After the launch, though, there was little criticism. Most agreed with Canadian paper National Post that the new design “not only maintains but heightens the essential elegance of the Journal.”
What few critics there were made almost moral judgments. John Powers of the LA Weekly lamented: “I’m sorry to see the Journal chasing after popularity with lip gloss. It has long been America’s most rigorously designed (and best written) daily, and this less stern version feels paradoxically less seductive - like swapping your favorite dominatrix for the girl next door.” Many of us hate to think of our cultural icons “chasing after popularity.” We want them to have the courage of their black-and-white convictions. We don’t like to see them worrying about market share, caring what others think, calculating their effect, fussing in front of the mirror. The dowdier they look, the more independent and reliable we imagine they are.

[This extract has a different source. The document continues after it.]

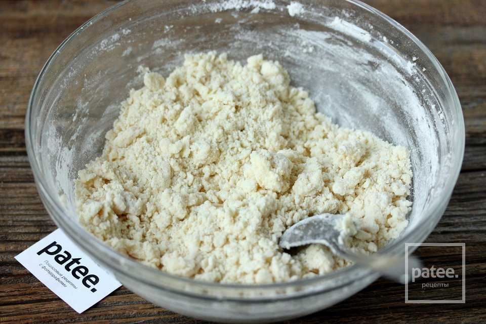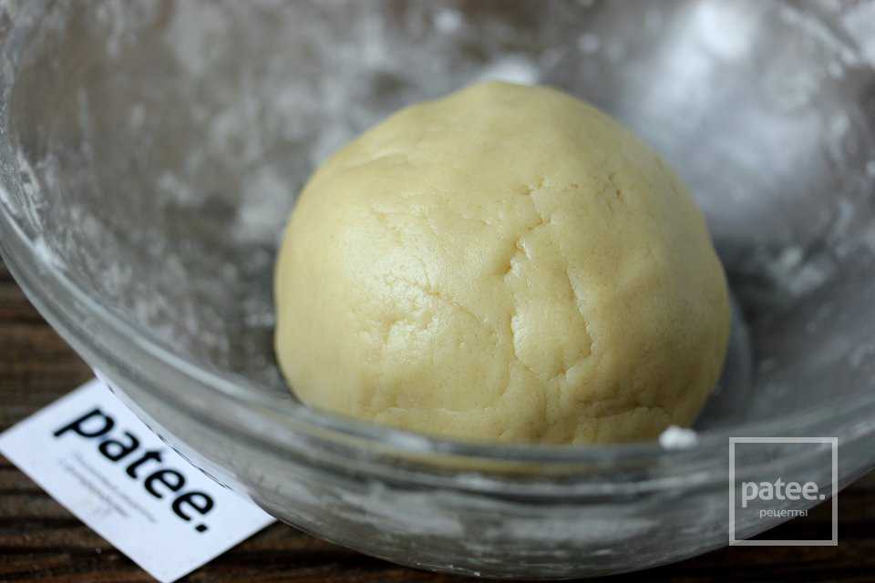 - Смешиваем масло, муку, сахар, яйцо, соль, разрыхлитель в однородное тесто. Убираем тесто в холодильник на час.

Further, there is the cachet of publications so removed from the popular aesthetic, so reader-unfriendly, that they have to be studied to be read. One Science News subscriber bemoaned the recent redesign of that magazine: “It used to be really dry-looking, like an academic journal, which was kind of cool because you have that around your house and people would think you’re smart.”
And maybe we’re just uncomfortable with the idea of change in the communication forms that shape our culture. In his book “The Rise of the Image, The Fall of the Word,”Mitchell Stephens documents many developments that were originally denounced as infantile, mind-numbing, “pretty,” or immoral - opera, theater, the telephone, and printed books among them. In fact, Stephens writes, “Most of the inventions, techniques, or art forms we now hold dear were once dismissed as useless or even evil.”
Nobody is dismissing the new Journal. Nostalgia for the old Journal was brief. Perhaps just as Old Gray Ladies are dying off, so may be those who equate them with Truth and Justice. Those coveted young readers grew up with color television and the Internet; they may not appreciate the austere beauty of cramped, unadorned black-and-white pages. “Now, even the most intellectual elite like some eye popcorn,” says Mario Garcia.
The redesign of The Wall Street Journal is both subtle and powerful. In the world of newspaper design, it is historic. In anybody’s timeline graphic, the Journal remake would show up alongside the move to cold type, the founding of the Society for News Design, the launch of USA TODAY, the development of the page layout program QuarkXpress, pagination, and the conversion of thousands of U.S. papers to the 50-inch web.
It’s big.
The new Journal is important, not as a transformation, but as a marker. Newspapers have never been immune to market forces, even if they looked like they were for a time. Perhaps newspapers are letting go of the pretenses and trappings of the past. That doesn’t have to be a bad thing.